── MATERIALS PROVIDED

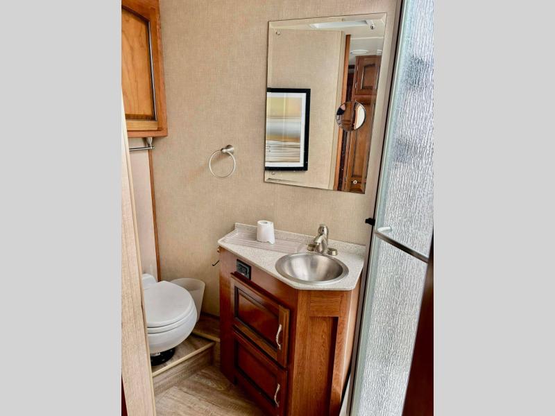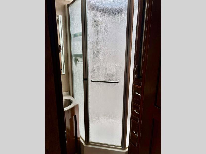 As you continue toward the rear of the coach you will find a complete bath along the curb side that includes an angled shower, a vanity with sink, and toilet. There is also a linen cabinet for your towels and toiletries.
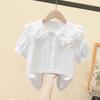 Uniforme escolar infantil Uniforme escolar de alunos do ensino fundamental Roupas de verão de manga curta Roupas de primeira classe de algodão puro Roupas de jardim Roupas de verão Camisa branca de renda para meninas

────
── MATERIALS PROVIDED

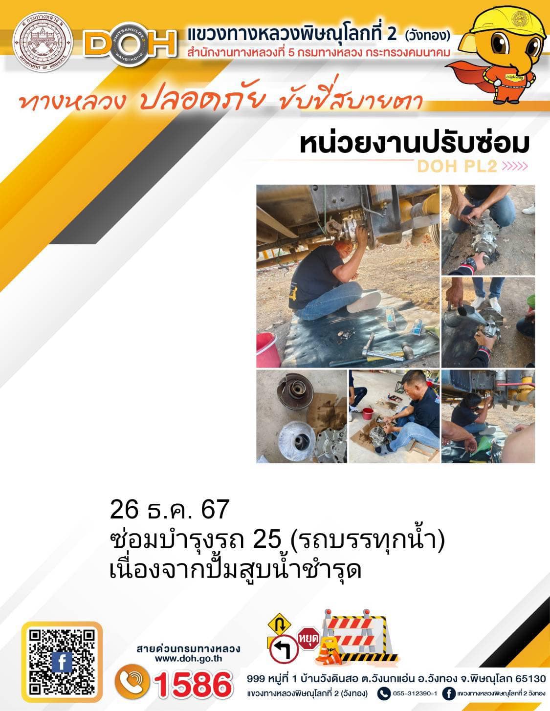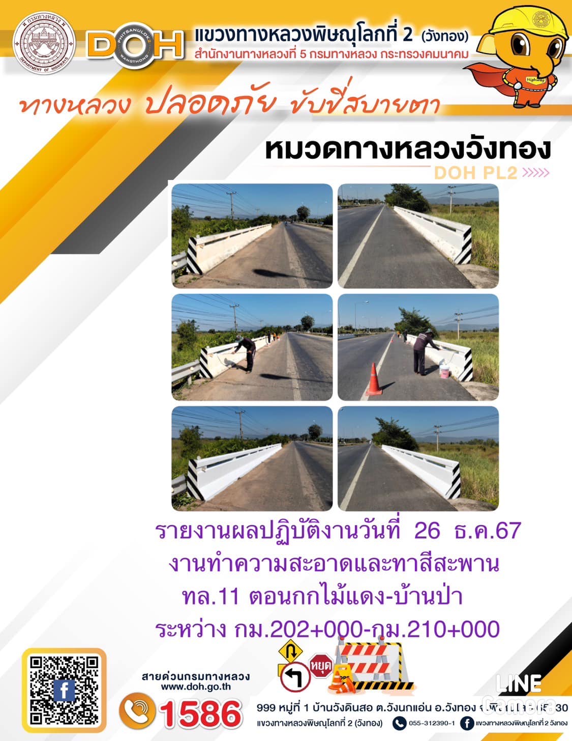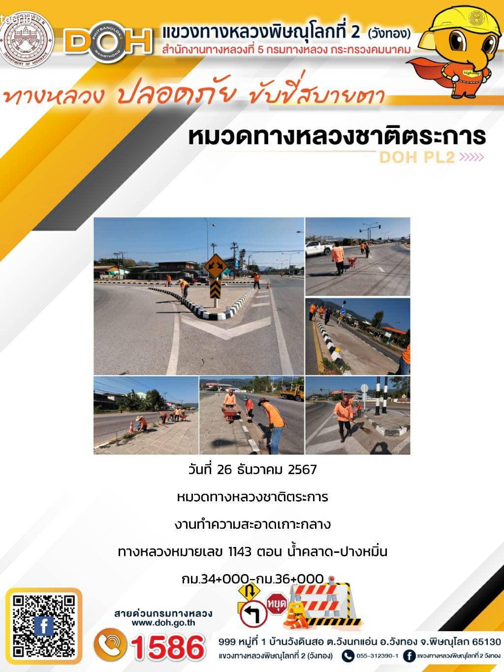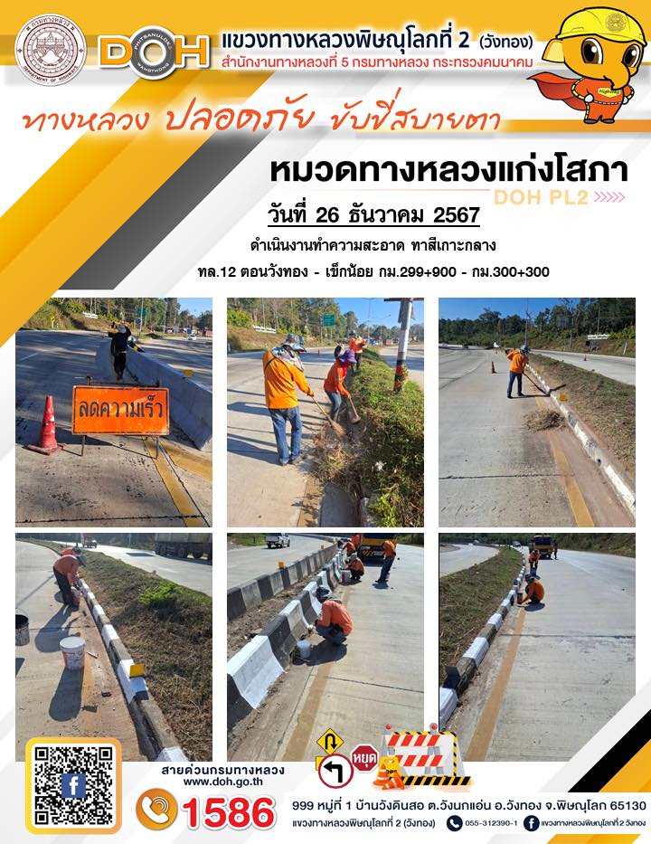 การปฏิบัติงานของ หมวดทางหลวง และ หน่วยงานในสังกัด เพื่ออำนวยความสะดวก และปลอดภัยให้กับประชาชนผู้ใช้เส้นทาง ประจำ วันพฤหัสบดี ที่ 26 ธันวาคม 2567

────
── MATERIALS PROVIDED

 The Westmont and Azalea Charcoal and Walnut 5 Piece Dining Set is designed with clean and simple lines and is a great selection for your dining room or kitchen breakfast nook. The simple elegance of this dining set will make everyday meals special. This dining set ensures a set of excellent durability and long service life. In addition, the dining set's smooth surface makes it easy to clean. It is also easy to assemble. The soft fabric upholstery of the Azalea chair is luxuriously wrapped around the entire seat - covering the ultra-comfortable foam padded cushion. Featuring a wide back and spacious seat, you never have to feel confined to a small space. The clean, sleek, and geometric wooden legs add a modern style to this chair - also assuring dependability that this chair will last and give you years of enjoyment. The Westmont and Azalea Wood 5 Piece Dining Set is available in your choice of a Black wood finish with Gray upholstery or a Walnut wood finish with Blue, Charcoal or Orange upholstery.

────

**WHAT THIS TASK INVOLVES**
Copy word for word the lines above, starting at the line containing "As you continue" and ending at the line containing "Uniforme escolar infantil", inclusive, with no pictures.

**OUTPUT OF THE EXERCISE**
 As you continue toward the rear of the coach you will find a complete bath along the curb side that includes an angled shower, a vanity with sink, and toilet. There is also a linen cabinet for your towels and toiletries.
 Uniforme escolar infantil Uniforme escolar de alunos do ensino fundamental Roupas de verão de manga curta Roupas de primeira classe de algodão puro Roupas de jardim Roupas de verão Camisa branca de renda para meninas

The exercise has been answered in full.